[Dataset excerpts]

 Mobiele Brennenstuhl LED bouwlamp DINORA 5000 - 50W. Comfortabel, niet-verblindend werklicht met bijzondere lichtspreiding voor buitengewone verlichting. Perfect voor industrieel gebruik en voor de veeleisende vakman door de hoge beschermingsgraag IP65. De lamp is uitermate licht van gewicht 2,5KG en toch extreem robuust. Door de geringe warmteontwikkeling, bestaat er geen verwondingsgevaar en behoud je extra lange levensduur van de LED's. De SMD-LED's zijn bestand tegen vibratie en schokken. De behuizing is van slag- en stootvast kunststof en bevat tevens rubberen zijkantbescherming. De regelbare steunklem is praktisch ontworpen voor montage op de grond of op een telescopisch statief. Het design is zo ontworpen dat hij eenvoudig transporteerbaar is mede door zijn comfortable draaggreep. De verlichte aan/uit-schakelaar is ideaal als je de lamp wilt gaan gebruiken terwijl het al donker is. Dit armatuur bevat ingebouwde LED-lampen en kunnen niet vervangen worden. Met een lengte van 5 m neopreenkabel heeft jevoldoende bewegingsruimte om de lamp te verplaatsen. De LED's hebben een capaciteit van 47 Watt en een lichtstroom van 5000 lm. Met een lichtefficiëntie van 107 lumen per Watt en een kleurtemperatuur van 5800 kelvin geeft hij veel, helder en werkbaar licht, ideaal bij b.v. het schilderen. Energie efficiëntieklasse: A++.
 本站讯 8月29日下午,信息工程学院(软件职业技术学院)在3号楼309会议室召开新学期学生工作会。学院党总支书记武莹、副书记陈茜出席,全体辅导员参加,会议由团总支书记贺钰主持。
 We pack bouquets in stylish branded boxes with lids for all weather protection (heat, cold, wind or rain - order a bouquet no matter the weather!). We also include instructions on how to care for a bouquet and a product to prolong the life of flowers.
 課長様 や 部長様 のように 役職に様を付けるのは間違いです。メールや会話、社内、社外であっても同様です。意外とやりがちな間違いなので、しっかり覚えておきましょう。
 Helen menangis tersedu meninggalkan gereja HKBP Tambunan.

What to work on:
The answer must be a word-for-word reproduction of every record above.

Solution to this problem:
 Mobiele Brennenstuhl LED bouwlamp DINORA 5000 - 50W. Comfortabel, niet-verblindend werklicht met bijzondere lichtspreiding voor buitengewone verlichting. Perfect voor industrieel gebruik en voor de veeleisende vakman door de hoge beschermingsgraag IP65. De lamp is uitermate licht van gewicht 2,5KG en toch extreem robuust. Door de geringe warmteontwikkeling, bestaat er geen verwondingsgevaar en behoud je extra lange levensduur van de LED's. De SMD-LED's zijn bestand tegen vibratie en schokken. De behuizing is van slag- en stootvast kunststof en bevat tevens rubberen zijkantbescherming. De regelbare steunklem is praktisch ontworpen voor montage op de grond of op een telescopisch statief. Het design is zo ontworpen dat hij eenvoudig transporteerbaar is mede door zijn comfortable draaggreep. De verlichte aan/uit-schakelaar is ideaal als je de lamp wilt gaan gebruiken terwijl het al donker is. Dit armatuur bevat ingebouwde LED-lampen en kunnen niet vervangen worden. Met een lengte van 5 m neopreenkabel heeft jevoldoende bewegingsruimte om de lamp te verplaatsen. De LED's hebben een capaciteit van 47 Watt en een lichtstroom van 5000 lm. Met een lichtefficiëntie van 107 lumen per Watt en een kleurtemperatuur van 5800 kelvin geeft hij veel, helder en werkbaar licht, ideaal bij b.v. het schilderen. Energie efficiëntieklasse: A++.
 本站讯 8月29日下午,信息工程学院(软件职业技术学院)在3号楼309会议室召开新学期学生工作会。学院党总支书记武莹、副书记陈茜出席,全体辅导员参加,会议由团总支书记贺钰主持。
 We pack bouquets in stylish branded boxes with lids for all weather protection (heat, cold, wind or rain - order a bouquet no matter the weather!). We also include instructions on how to care for a bouquet and a product to prolong the life of flowers.
 課長様 や 部長様 のように 役職に様を付けるのは間違いです。メールや会話、社内、社外であっても同様です。意外とやりがちな間違いなので、しっかり覚えておきましょう。
 Helen menangis tersedu meninggalkan gereja HKBP Tambunan.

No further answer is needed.